En causant, Denise s’inquiéta de ces revenus. La prestigieuse générale leur avait dû ses équipages célèbres dans Paris, ses vitchouras de fourrures rares, un luxe perpétuellement renouvelé. Sur les manies du parent, l’oncle Augustin savait mille drôleries narrées par les capitaines de navires qui lui apportaient les commissions de Joseph. En mémoire de son frère, qui adorait ces sortes de bêtes, le solitaire élevait plusieurs centaines de perruches dans les volières de ses jardins. Il les éduquait afin qu’elles répétassent indéfiniment cette plainte et cette menace : « Ah ! ah ! ah ! le pauvre frère ! Il est mort… mort… Mort à l’Angleterre ! »

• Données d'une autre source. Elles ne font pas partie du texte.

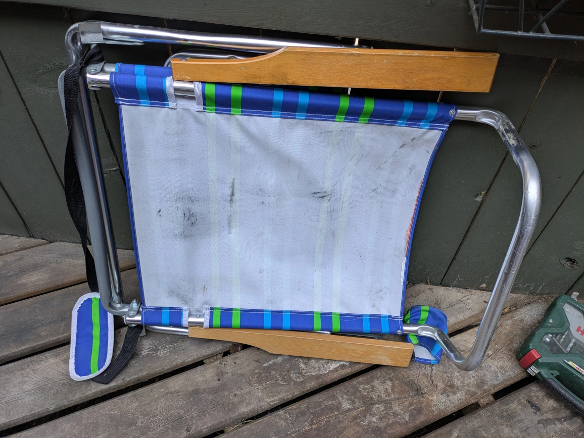 Selling a gently used Outbound beach chair. It features a vibrant blue and green striped pattern and wooden armrests. Perfect for relaxing at the beach or in your backyard!
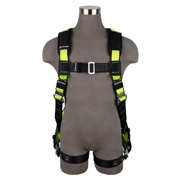 PRO Full Body Harness: 1D, MB Chest, TB Legs The PRO Harness is a dependable workhorse, incorporating premium features for outstanding performance. Built with ergonomically designed padding and high-vis abrasian-resistant green webbing. Models equipped with corrosive resistant steel-plated D-rings, buckles and quick-connects. Offered in a variety of configurations.Attachment Points 1 dorsal D-ringWeight 3.5 lbs. 1.6 kgANSI Weight Capacity 130-310 lbs. 59-141 kgOSHA Weight Capacity Up to 420 lbs. 191 kgANSI Standards Z359.11-2021OSHA Standards 1926.502, 1910.140
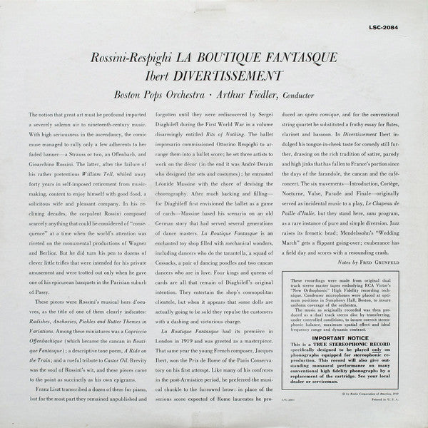 Rossini* - Respighi* / Ibert*, Boston Pops Orchestra ... Arthur Fiedler - La Boutique Fantasque / Divertissement (LP, Ind)
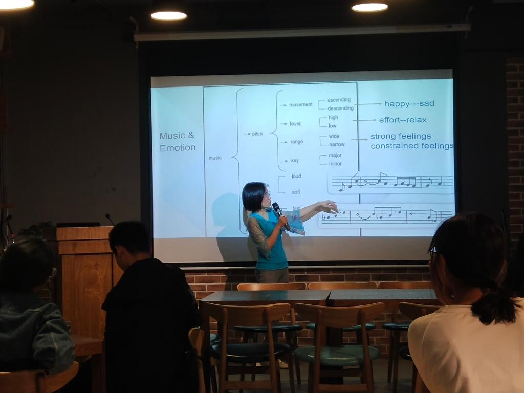 于老师以Baby及Let Her Go两首歌为案例,截取其中的典型片段与同学们共同运用上述知识具体地进行了分析。于海玲老师还特别提及了个人经历等感性方面对歌曲所传达的情绪及意义的影响。
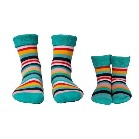 Bunte Streifen Socken Cucamelon Kuschelsocken für Mama und Kind in 38-40 & 1-4 Jahre (2 Paare)
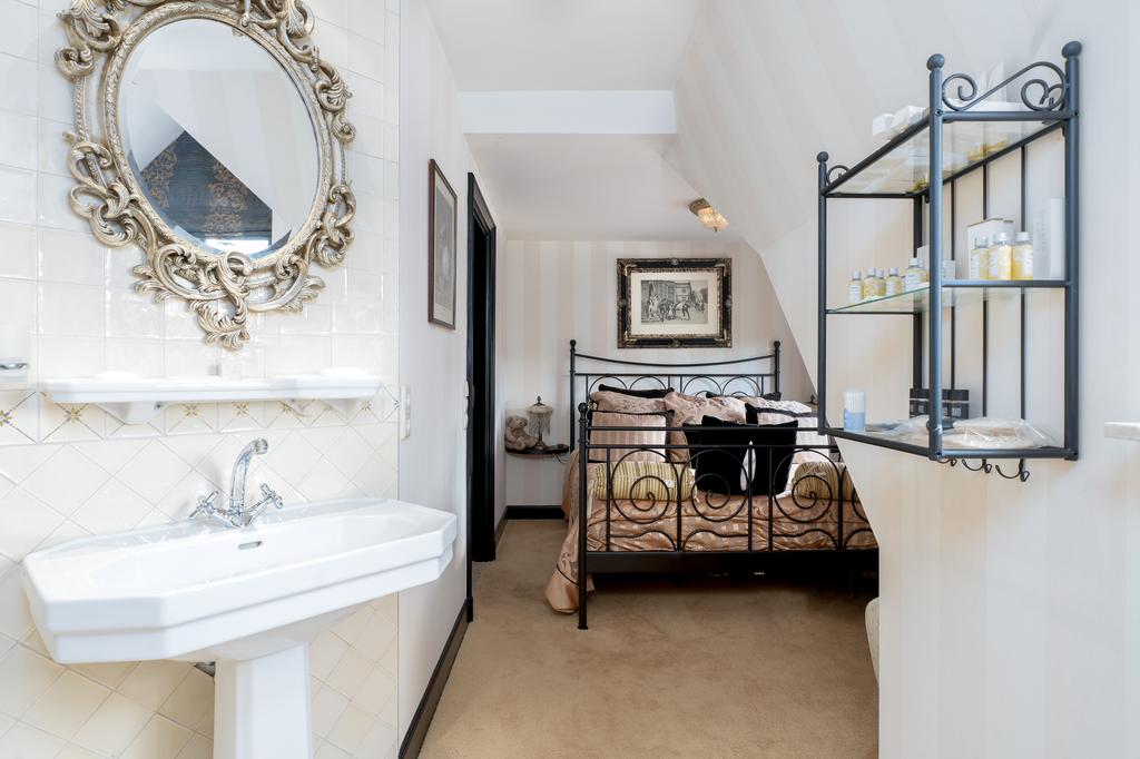 This luxurious annex offers numerous possibilities, including a home office, guesthouse, bed & breakfast, business space, or living quarters for family or an au pair. The annex has its own entrance and features a spacious showroom, an office area with space for three workstations, a pantry, and a second showroom. The ground floor opens onto a sunny veranda that stretches across the entire front.
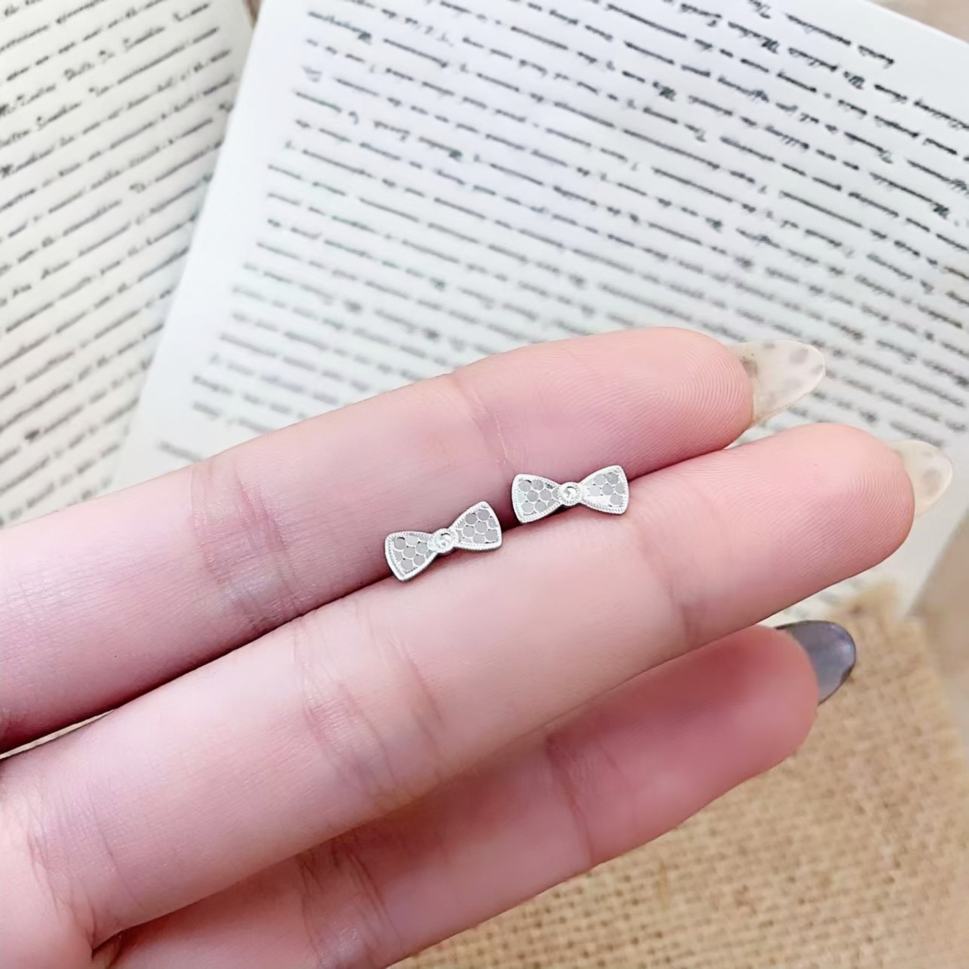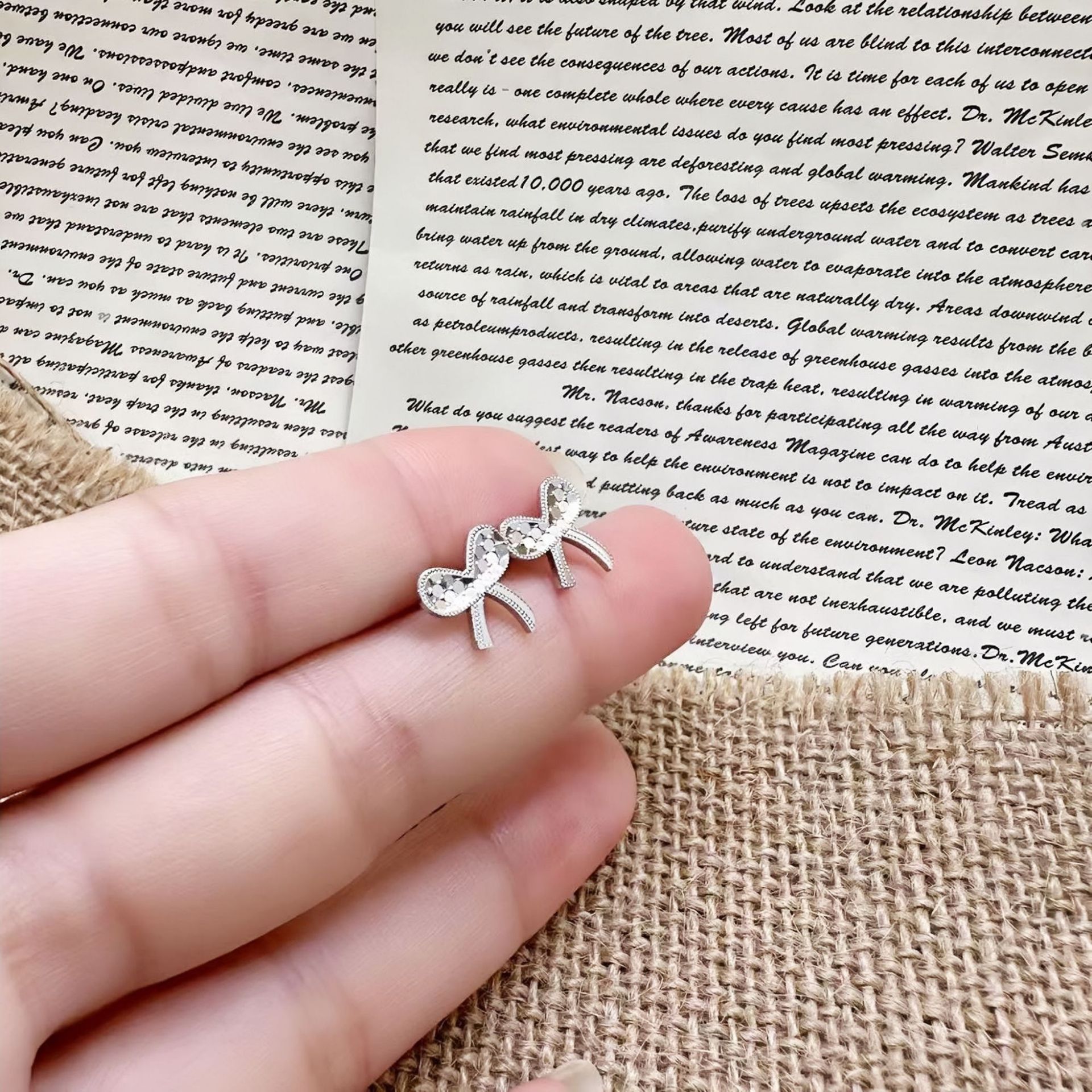 S925纯银碎冰冰蝴蝶结耳钉女个性时尚耳骨钉ins气质耳饰品
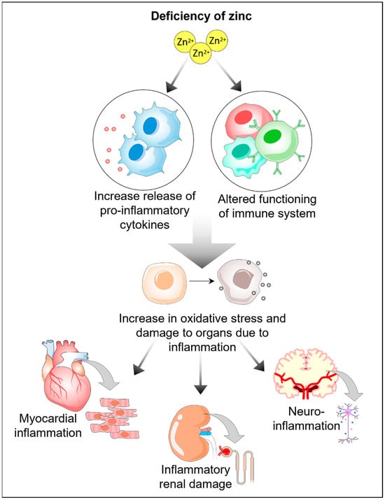 Zinc deficiency can induce an inflammatory microenvironment to induce systemic organ damage.

Le conte fit rire, parmi d’autres semblables. Obstinément Denise questionna sur les mérites administratifs du vieux corsaire. Alors le général Héricourt cita des sommes :

― Tant que ça ! tant que ça ! ― faisait la jeune fille en balançant sa jolie tête devenue fort grave.

― Mon dieu, oui : de quoi vous offrir, ma chère, quelques colliers et quelques autres petites satisfactions. Tout cela vous appartient, puisque je n’ai pas d’enfant.

― Mais si vous vous remariez ?… Ah !

Et une anxiété très vive se masqua fort mal sous l’aspect de l’enjouement.

― Hé ! ― fit le général. ― je ne suis plus très jeune.